▶ AIM OF THE EXERCISE: For this exercise, reproduce the entries below exactly, but only from the line containing "いずれも縦方向への縮みを抑え" through the line containing "Tessuto tulle ricamato", both included.

▶ DATA SUPPLIED:
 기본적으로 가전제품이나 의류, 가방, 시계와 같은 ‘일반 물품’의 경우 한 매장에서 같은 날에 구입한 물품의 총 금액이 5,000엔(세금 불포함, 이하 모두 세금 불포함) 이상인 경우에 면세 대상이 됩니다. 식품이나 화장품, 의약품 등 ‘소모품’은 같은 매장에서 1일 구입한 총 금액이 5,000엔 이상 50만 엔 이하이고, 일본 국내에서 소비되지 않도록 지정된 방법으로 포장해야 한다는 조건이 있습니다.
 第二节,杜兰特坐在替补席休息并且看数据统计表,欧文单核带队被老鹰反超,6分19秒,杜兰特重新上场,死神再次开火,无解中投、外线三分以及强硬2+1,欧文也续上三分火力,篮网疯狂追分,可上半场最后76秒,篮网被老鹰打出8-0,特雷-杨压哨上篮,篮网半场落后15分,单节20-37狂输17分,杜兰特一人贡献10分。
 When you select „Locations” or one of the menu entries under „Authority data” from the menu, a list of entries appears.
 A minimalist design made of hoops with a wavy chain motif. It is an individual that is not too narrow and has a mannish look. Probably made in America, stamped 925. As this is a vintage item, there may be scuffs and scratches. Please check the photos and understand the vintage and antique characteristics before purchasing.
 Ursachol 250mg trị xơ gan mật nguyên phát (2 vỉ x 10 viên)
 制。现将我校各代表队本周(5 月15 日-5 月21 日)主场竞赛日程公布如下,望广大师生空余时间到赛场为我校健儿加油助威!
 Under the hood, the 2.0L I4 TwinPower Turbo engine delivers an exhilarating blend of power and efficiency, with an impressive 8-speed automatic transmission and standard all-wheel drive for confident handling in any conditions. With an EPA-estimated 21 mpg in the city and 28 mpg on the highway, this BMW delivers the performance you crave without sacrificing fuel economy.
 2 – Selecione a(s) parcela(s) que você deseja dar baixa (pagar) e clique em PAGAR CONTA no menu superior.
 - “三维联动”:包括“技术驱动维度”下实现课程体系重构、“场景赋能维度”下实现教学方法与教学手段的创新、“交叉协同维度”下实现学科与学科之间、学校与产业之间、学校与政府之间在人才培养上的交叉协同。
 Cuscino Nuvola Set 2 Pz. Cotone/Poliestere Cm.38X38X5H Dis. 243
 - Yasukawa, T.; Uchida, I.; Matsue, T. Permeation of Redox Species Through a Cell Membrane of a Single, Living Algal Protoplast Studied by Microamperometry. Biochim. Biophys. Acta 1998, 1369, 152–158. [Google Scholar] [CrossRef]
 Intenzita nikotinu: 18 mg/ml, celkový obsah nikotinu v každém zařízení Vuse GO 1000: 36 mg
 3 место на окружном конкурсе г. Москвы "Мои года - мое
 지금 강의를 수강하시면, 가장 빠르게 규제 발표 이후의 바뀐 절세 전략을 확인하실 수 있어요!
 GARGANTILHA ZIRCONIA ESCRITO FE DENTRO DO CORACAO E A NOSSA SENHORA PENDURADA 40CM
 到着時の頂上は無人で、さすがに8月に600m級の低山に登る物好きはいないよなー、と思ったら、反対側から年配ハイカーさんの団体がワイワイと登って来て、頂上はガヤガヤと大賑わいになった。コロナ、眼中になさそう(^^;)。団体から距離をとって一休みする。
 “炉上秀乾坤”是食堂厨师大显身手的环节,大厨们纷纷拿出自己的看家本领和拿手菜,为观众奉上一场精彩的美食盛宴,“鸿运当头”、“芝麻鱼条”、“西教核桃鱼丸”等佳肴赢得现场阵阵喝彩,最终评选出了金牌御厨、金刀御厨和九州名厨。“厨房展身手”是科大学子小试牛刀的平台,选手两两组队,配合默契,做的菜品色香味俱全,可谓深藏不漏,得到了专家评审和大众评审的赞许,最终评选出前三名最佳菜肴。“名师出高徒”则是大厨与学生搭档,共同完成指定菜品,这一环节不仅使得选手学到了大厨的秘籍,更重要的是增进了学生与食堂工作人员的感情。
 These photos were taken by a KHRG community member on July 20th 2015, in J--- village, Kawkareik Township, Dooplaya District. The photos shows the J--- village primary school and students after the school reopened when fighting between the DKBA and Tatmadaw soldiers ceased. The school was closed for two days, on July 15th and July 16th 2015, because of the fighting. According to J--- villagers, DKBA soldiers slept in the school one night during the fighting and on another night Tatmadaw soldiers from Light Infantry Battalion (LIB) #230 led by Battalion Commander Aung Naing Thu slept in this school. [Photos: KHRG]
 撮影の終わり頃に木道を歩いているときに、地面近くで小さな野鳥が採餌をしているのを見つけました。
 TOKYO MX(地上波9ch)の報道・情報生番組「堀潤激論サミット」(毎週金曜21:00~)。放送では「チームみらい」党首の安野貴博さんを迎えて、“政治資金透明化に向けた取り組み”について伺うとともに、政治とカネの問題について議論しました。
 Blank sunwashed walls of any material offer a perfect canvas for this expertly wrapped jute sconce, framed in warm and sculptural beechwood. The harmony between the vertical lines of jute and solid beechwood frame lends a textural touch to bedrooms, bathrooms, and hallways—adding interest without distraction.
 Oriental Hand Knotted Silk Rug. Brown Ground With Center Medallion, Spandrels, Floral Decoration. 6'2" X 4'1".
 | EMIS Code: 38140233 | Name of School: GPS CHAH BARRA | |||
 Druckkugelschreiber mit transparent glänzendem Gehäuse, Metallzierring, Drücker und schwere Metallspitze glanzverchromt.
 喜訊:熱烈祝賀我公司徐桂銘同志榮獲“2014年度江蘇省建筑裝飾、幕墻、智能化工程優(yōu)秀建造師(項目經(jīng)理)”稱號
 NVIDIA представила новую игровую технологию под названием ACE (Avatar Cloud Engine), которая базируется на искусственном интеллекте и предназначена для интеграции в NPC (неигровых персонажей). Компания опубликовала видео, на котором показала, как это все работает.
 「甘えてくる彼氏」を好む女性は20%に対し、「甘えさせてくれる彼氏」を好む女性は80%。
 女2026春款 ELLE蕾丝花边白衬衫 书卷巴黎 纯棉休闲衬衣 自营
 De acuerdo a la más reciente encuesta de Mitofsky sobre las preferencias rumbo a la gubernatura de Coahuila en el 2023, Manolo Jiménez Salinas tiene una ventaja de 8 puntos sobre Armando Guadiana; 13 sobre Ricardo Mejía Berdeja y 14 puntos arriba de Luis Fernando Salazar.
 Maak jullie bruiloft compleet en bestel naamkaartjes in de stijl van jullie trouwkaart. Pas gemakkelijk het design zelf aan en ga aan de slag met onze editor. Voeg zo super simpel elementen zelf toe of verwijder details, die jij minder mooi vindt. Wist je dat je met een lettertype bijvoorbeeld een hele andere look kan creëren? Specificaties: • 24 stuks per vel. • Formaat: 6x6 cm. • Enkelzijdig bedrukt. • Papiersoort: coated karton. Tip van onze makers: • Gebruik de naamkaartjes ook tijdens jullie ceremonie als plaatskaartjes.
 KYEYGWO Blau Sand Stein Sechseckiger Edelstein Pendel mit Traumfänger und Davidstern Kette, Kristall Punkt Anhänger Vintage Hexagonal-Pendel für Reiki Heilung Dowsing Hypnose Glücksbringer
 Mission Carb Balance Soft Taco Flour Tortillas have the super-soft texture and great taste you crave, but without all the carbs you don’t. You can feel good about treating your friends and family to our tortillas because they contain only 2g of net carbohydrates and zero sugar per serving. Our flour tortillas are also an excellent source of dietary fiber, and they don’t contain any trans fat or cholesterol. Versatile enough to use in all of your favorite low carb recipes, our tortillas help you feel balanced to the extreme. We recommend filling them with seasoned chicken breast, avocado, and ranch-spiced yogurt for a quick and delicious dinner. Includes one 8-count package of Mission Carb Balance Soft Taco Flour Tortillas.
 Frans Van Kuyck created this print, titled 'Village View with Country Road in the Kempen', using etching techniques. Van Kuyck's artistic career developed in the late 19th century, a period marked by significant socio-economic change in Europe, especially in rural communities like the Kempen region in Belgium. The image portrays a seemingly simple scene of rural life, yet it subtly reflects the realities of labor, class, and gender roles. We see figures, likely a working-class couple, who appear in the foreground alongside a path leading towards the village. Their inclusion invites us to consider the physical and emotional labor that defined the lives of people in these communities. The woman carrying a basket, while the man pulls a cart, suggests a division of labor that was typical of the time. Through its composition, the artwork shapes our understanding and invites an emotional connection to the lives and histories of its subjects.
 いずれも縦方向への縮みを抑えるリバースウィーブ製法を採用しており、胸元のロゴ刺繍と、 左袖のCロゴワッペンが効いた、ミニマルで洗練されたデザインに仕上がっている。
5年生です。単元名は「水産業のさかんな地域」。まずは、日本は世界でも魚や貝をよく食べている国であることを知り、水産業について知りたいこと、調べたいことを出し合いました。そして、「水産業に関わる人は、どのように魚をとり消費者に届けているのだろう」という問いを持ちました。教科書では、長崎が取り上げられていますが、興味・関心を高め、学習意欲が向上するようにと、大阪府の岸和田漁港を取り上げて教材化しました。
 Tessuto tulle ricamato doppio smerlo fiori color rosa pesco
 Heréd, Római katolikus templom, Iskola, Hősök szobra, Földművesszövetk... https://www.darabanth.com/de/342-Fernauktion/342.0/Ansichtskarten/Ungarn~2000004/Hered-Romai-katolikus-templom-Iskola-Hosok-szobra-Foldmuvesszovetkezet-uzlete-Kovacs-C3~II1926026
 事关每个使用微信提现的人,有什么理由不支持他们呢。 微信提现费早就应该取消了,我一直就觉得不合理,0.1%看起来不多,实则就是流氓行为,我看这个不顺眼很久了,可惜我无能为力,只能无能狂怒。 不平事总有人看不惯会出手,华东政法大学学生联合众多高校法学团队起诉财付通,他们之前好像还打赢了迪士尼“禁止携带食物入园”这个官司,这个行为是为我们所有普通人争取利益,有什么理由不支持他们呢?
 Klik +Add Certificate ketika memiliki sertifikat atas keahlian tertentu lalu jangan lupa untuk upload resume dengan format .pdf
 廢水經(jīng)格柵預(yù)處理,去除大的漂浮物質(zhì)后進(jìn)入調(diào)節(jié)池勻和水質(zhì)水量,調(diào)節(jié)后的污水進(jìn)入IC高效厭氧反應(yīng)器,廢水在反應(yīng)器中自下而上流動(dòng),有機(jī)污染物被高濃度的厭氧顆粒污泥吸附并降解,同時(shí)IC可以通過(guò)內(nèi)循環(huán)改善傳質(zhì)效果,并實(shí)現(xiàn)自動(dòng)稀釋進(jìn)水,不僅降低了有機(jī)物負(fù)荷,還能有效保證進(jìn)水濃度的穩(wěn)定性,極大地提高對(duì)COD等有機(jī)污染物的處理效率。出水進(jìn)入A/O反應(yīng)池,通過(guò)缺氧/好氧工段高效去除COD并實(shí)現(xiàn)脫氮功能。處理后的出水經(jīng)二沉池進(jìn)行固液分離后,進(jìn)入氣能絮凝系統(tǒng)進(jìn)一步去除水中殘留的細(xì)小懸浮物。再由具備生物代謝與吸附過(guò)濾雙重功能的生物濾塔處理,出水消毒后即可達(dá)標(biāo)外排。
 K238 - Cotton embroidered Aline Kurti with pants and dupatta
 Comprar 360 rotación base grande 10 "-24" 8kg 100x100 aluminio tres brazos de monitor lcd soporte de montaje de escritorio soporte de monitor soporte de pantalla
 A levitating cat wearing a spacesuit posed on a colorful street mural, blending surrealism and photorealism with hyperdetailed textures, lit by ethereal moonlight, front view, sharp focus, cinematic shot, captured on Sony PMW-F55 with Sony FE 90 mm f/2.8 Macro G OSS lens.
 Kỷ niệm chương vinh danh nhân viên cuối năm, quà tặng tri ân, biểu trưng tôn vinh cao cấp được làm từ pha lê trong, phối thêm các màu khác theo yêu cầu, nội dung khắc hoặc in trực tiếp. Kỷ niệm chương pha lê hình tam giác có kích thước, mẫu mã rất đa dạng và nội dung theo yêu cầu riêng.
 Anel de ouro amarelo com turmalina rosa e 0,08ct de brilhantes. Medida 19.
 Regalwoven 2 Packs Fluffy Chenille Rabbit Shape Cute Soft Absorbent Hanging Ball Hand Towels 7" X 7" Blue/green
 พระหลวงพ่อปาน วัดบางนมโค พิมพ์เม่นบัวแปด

▶ RESULT BELOW:
 いずれも縦方向への縮みを抑えるリバースウィーブ製法を採用しており、胸元のロゴ刺繍と、 左袖のCロゴワッペンが効いた、ミニマルで洗練されたデザインに仕上がっている。
5年生です。単元名は「水産業のさかんな地域」。まずは、日本は世界でも魚や貝をよく食べている国であることを知り、水産業について知りたいこと、調べたいことを出し合いました。そして、「水産業に関わる人は、どのように魚をとり消費者に届けているのだろう」という問いを持ちました。教科書では、長崎が取り上げられていますが、興味・関心を高め、学習意欲が向上するようにと、大阪府の岸和田漁港を取り上げて教材化しました。
 Tessuto tulle ricamato doppio smerlo fiori color rosa pesco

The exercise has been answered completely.